Ethel shook her head. She took her crushed can and wet lap out of the room. It was the last they saw of her that night. Olive went to bed alone; since her fall through the ice she complained of cold, but she never was so cold that she required Robert's presence. All that time Robert slept a floor above her, their beds nearly parallel, rarely missing her except for those few moments after she broke away from him at night and climbed the stairs to her room.

She kissed Duke goodnight atop the head. She kissed Robert in the same spot; he was a brother now, almost a father.

O
N ANOTHER DAY,
Robert worked a surprise day shift to throw an off-­balance note into the thieves in SportsHeaven. He caught no one, and in fact got little work done. He felt out of place in his own store. The employees resented his distrust. In the hour before he went home for a break (he was returning at closing time to do the books), he was called to the phone, only to have the caller hang up on him when he answered.

When he arrived to do the books, Buzz met him in the back room on his way to punching out.

“How'd it go tonight?” Robert asked; he felt conspicuous, at work in a plain shirt.

“We sold some stuff,” Buzz said. “Not much, but some.”

“Thanks for the report.”

“When's your Dad going to give it up?”

Robert said, “I don't know. I've talked to my mother. She won't come out of retirement.”

Buzz rubbed his chin. “How can I break this to you?” he said. “The guy does
nothing
all night. He just talks. He won't stock. He won't sweep. He won't do pricing. He just
talks.
” Buzzard glanced at Robert, cleared his throat.

“What would you do in my place?” Robert asked.

“Fire his ass,” Buzz exclaimed, nearly cheerful.

“Fire your own father?”

“I would if he was fucking up like yours.”

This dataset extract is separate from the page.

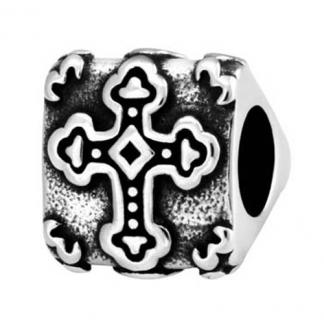 STAINLESS STEEL BEAD IN TRIANGLE SHAPE WITH CROSS BLACK OIL PAINTING ALL IN STEEL COLOR

“He's an idea man,” Robert said defensively. “He's not geared toward this kind of work.”

Buzz shrugged. “I've said enough.” He pulled his ref's shirt over his head and hung the shirt in his locker; no stripes ran on his taut, pale torso.

“Who's going to be assistant manager?” he asked.

“Whom would you suggest?”

“Me, maybe.”

Robert resisted the desire to put the young man down, to extract his revenge for the remarks made about Dave.

“I'll keep you in mind,” Robert said.

“I work hard. I'm a quick study. I'd be a good assistant manager.”

“How's the arm?” Robert asked.

Buzz held his right arm out. To Robert's eye it was microscopically thinner than the left, subtly wasted. Since punching Dick the day Robert fired him, Buzz's arm had not ceased aching.

He put the arm through a slow throwing motion. “Stiff,” he reported. “Sore here and here.” He touched his shoulder and elbow.